I can think of an very wasteful hack here:
Loop through all the subjects, run the BIDS-app at participant level, pass the subject id to --participant-label
This way you will get a one-line tsv
for each subjects and figure out who is the imposter...
I'll give it a go, thank you!!
Plot twist, I get the same error with ds00030 and the group
flag... will see if the hack works with srpbs and then maybe try that too.

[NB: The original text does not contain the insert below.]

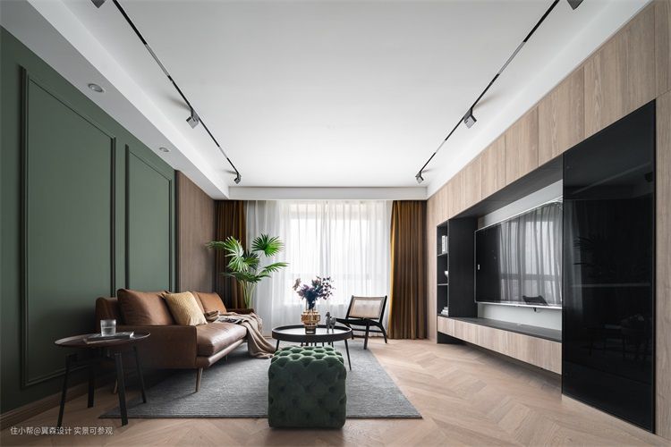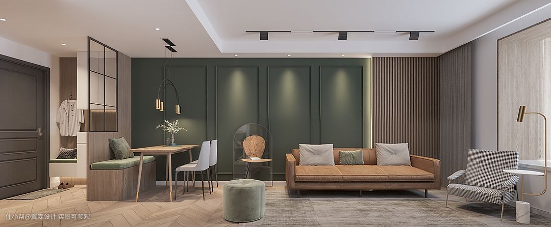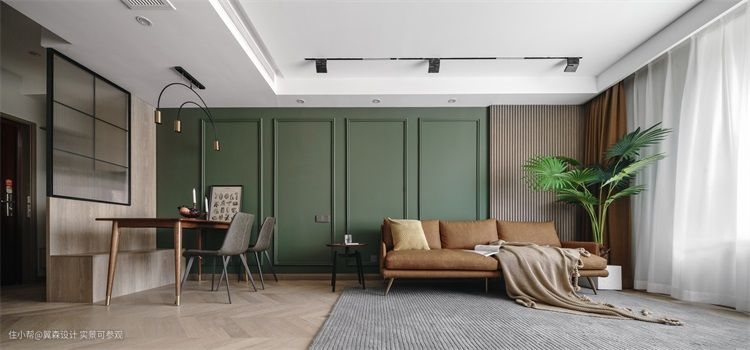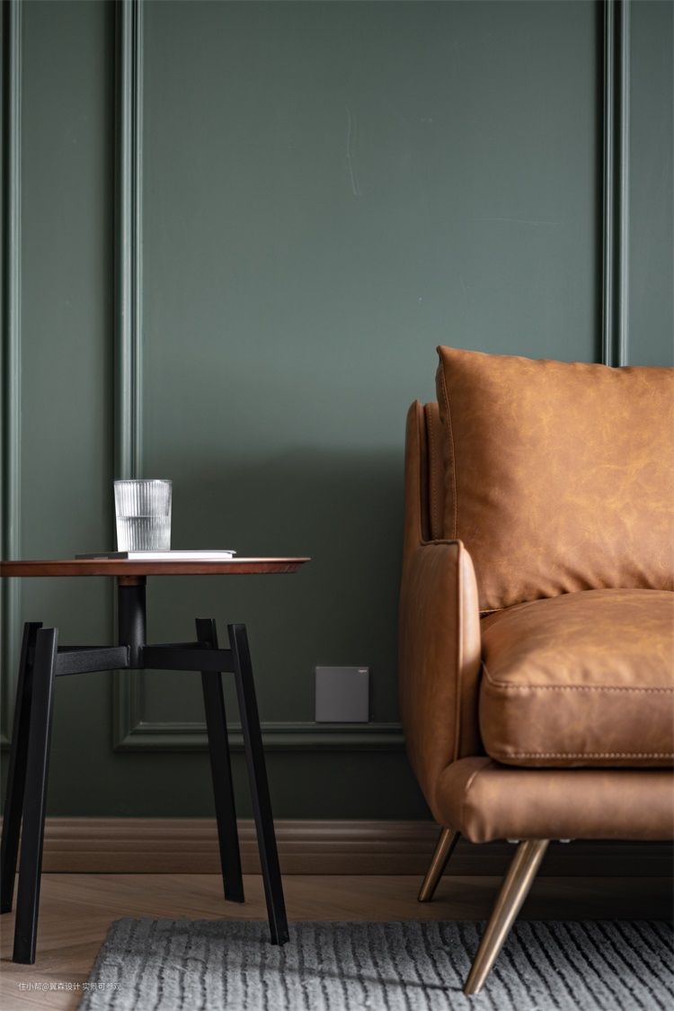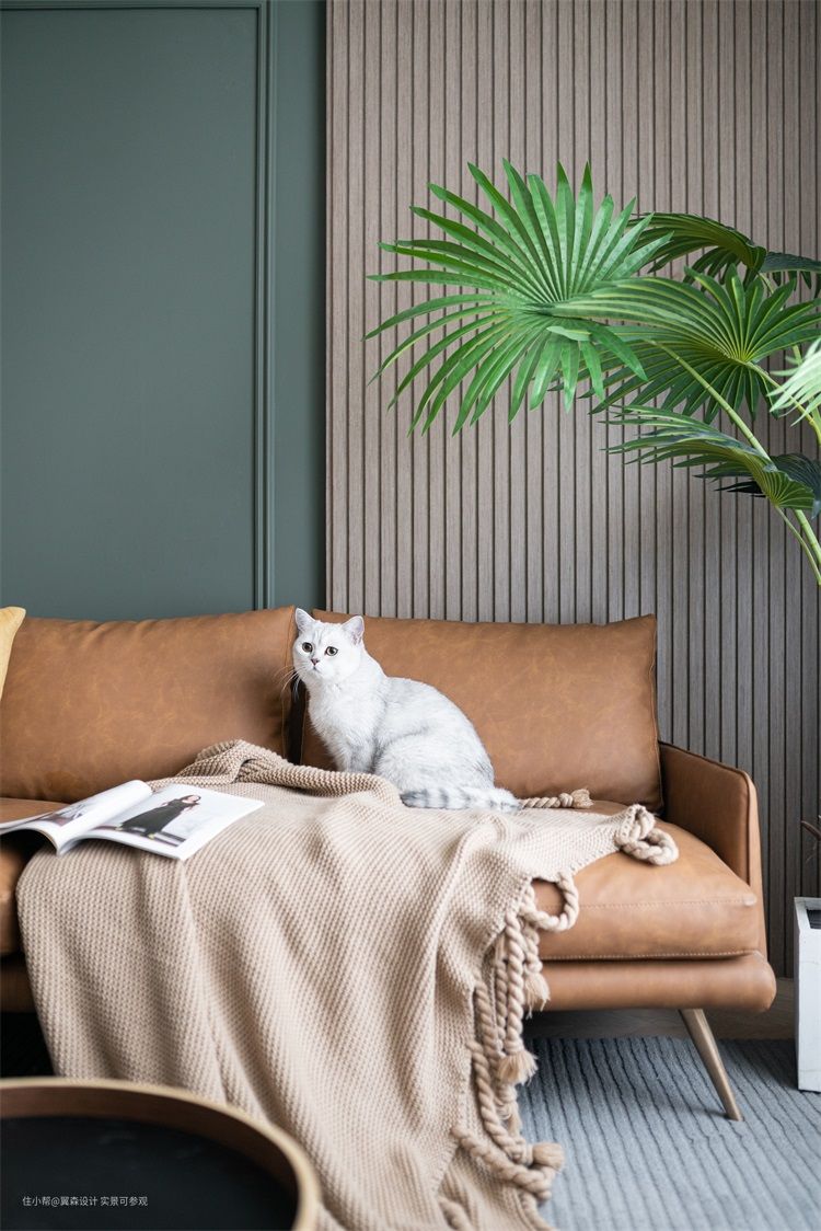 发背景便以“乳胶漆+木格栅”的方式呈现,通过材质的对比,更有层次感。焦糖色皮质沙发及木质边几的选择,又让屋内平添温馨复古氛围。

We have a version of ds000030 preprocessed. Let me just try it
Thanks! The most recent one is the one I preprocessed
In the error log for srpbs I get the following (some lines removed):
This is the output of .out file:
The path is correct.
The background at the link says "OperationalError. Exception raised for errors that are related to the database’s operation and not necessarily under the control of the programmer, e.g. an unexpected disconnect occurs, the data source name is not found, a transaction could not be processed, a memory allocation error occurred during processing, etc.
This error is a DBAPI Error and originates from the database driver (DBAPI), not SQLAlchemy itself.
The OperationalError is the most common (but not the only) error class used by drivers in the context of the database connection being dropped, or not being able to connect to the database. For tips on how to deal with this, see the section Dealing with Disconnects."
I don't think it is a space issue since I have nearly 20,000GB available. I am thinking to increase --mem (currently 8G), what do you think @htwangtw, have you come across this before?